## Exercise objective
Could you transcribe exactly the lines from the one containing "Die Volkshochschule Koblenz" through the end of the listing below, both included, but none of the pictures?

## Available data
++++++

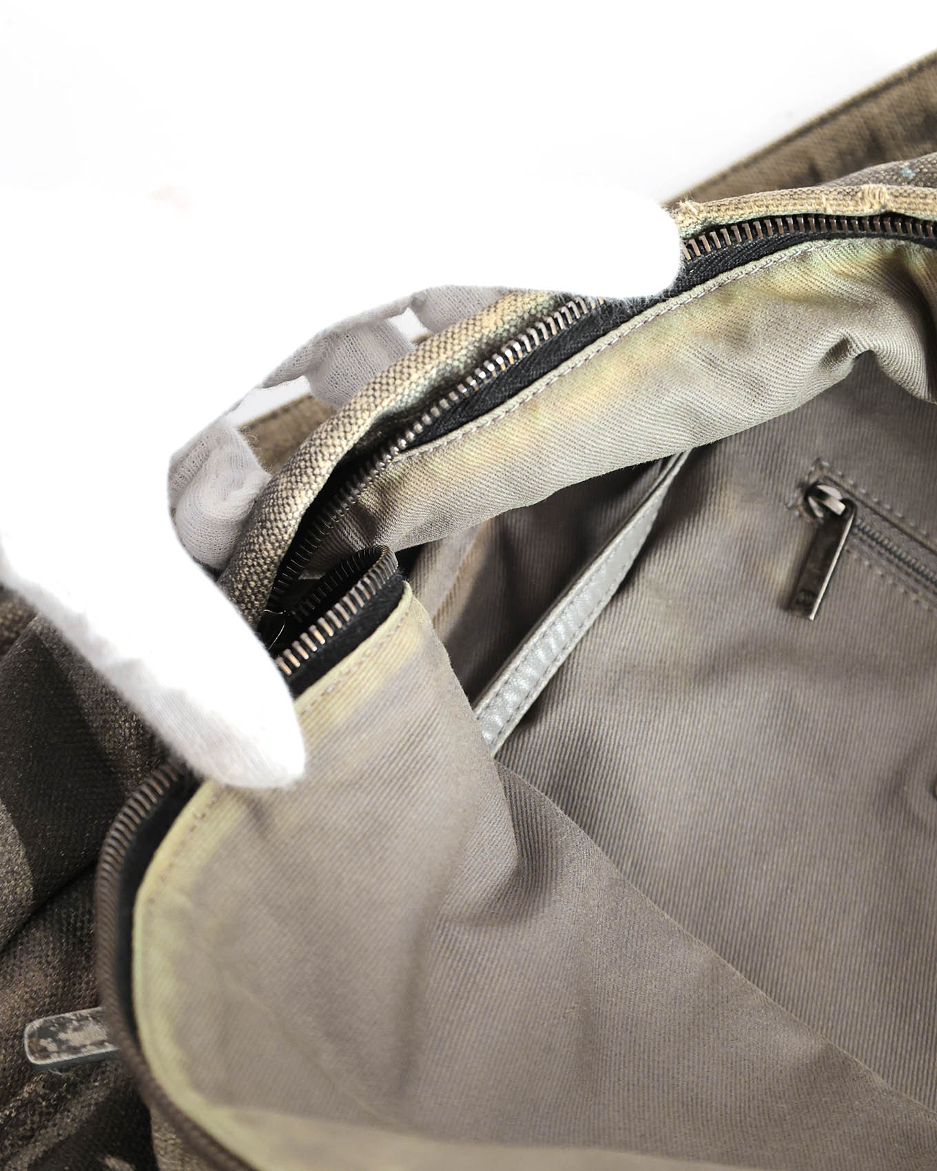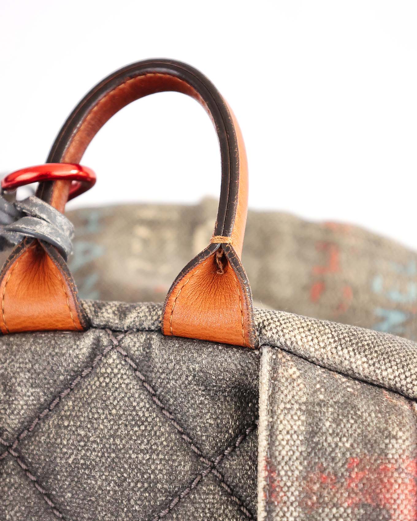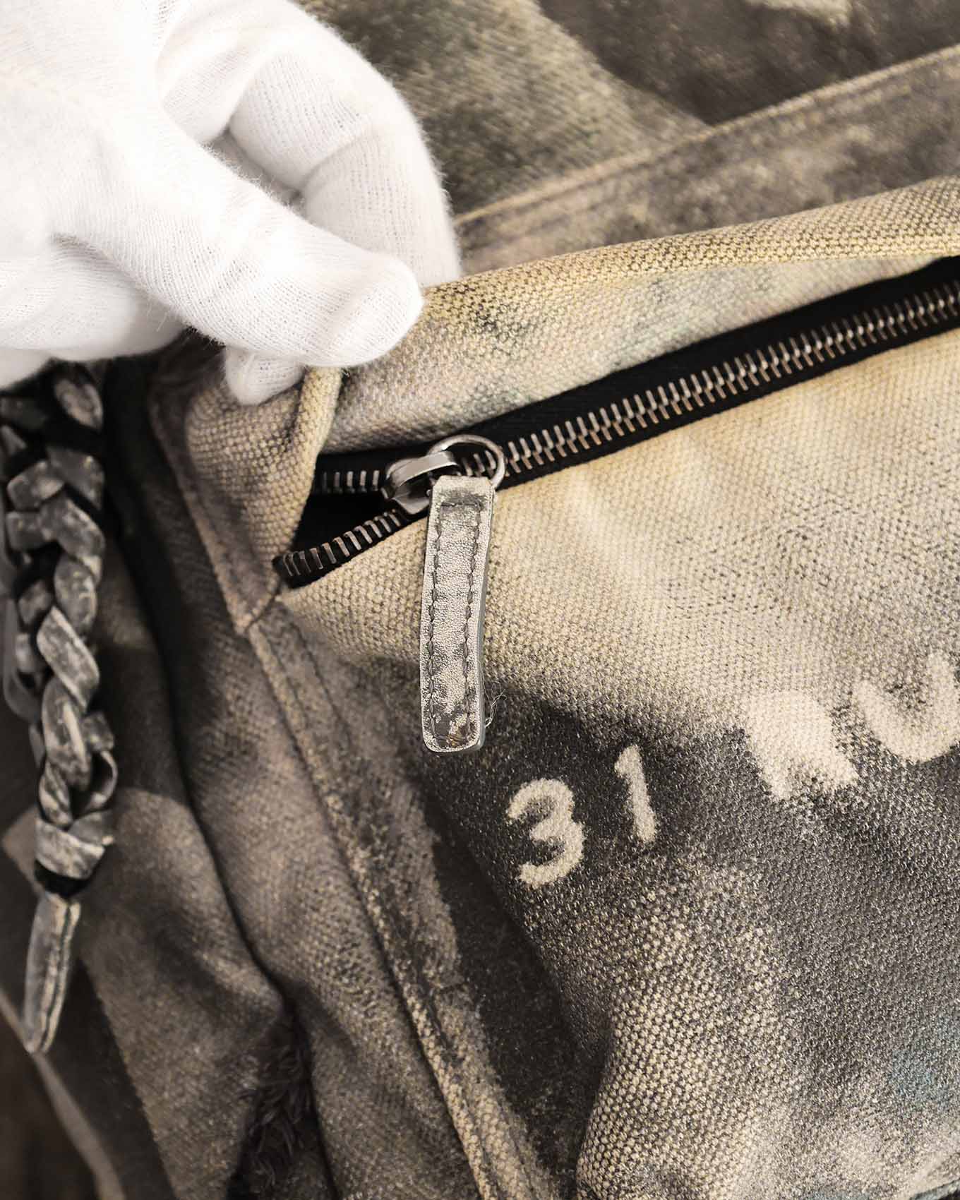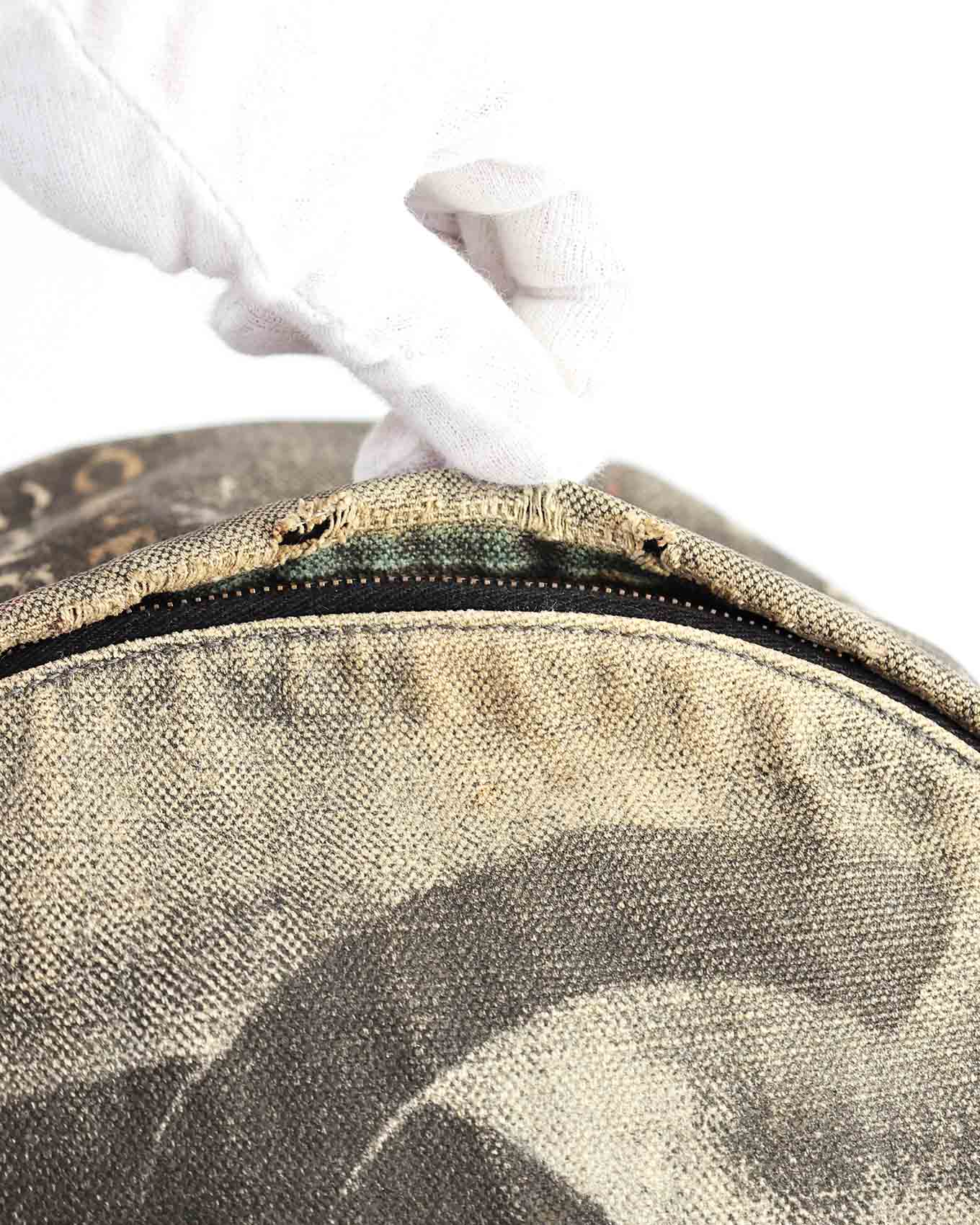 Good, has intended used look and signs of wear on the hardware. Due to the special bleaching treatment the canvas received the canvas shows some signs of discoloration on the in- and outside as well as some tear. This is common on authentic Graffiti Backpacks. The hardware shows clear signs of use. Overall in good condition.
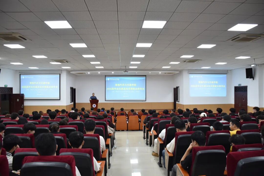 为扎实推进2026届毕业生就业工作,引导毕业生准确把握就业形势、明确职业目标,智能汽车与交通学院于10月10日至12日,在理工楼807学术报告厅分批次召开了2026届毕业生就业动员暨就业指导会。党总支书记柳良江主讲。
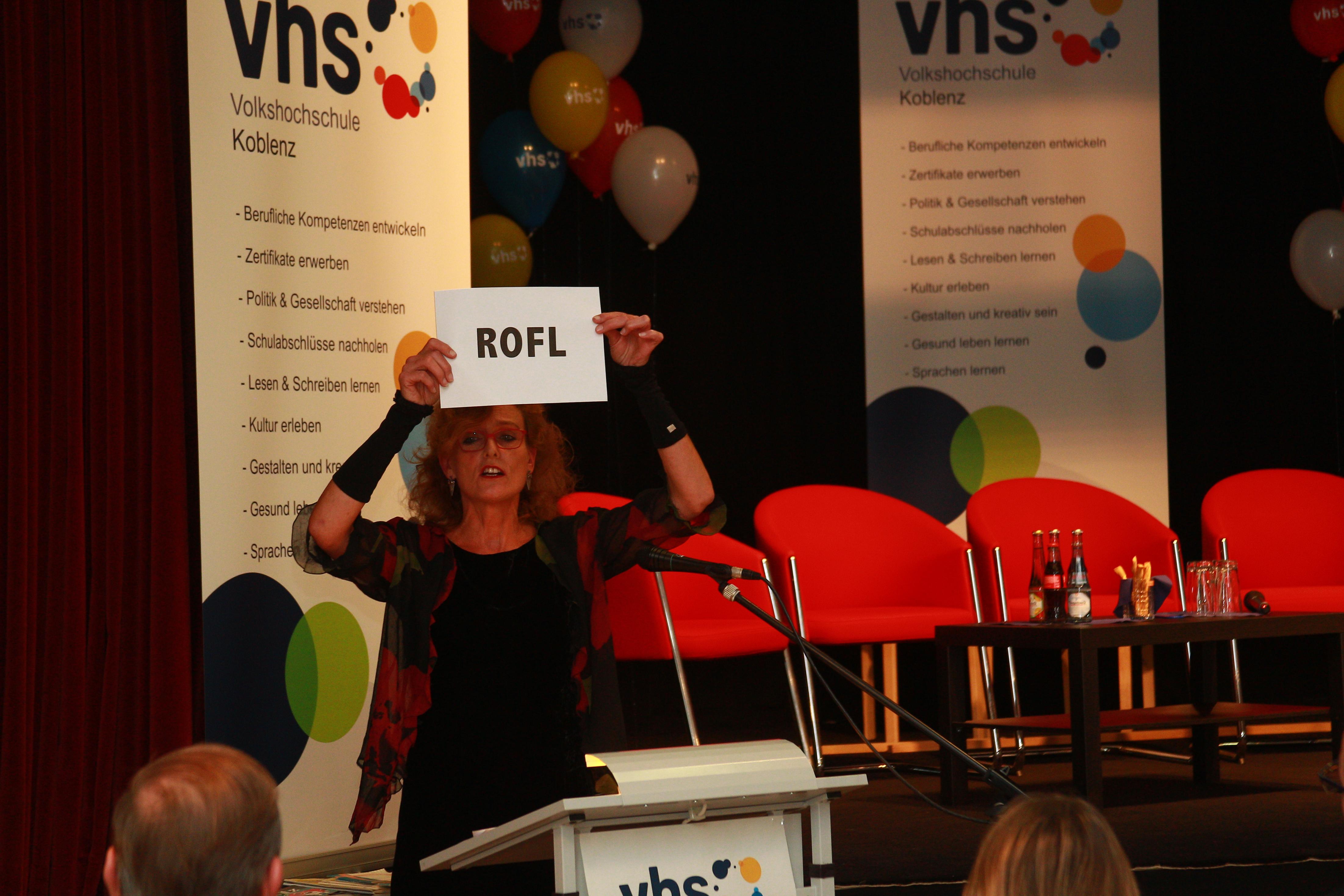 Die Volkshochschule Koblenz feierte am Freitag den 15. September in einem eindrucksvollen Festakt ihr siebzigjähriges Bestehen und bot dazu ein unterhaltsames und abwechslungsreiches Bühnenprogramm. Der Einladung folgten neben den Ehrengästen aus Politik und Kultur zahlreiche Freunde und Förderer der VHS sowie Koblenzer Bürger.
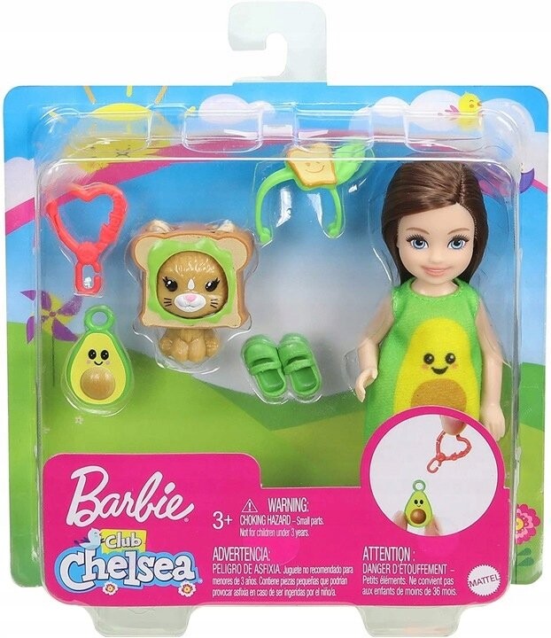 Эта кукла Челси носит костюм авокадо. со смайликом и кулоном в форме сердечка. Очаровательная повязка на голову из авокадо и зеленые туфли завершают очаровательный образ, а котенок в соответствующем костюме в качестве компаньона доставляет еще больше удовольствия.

++++++

## Your response
 Die Volkshochschule Koblenz feierte am Freitag den 15. September in einem eindrucksvollen Festakt ihr siebzigjähriges Bestehen und bot dazu ein unterhaltsames und abwechslungsreiches Bühnenprogramm. Der Einladung folgten neben den Ehrengästen aus Politik und Kultur zahlreiche Freunde und Förderer der VHS sowie Koblenzer Bürger.
 Эта кукла Челси носит костюм авокадо. со смайликом и кулоном в форме сердечка. Очаровательная повязка на голову из авокадо и зеленые туфли завершают очаровательный образ, а котенок в соответствующем костюме в качестве компаньона доставляет еще больше удовольствия.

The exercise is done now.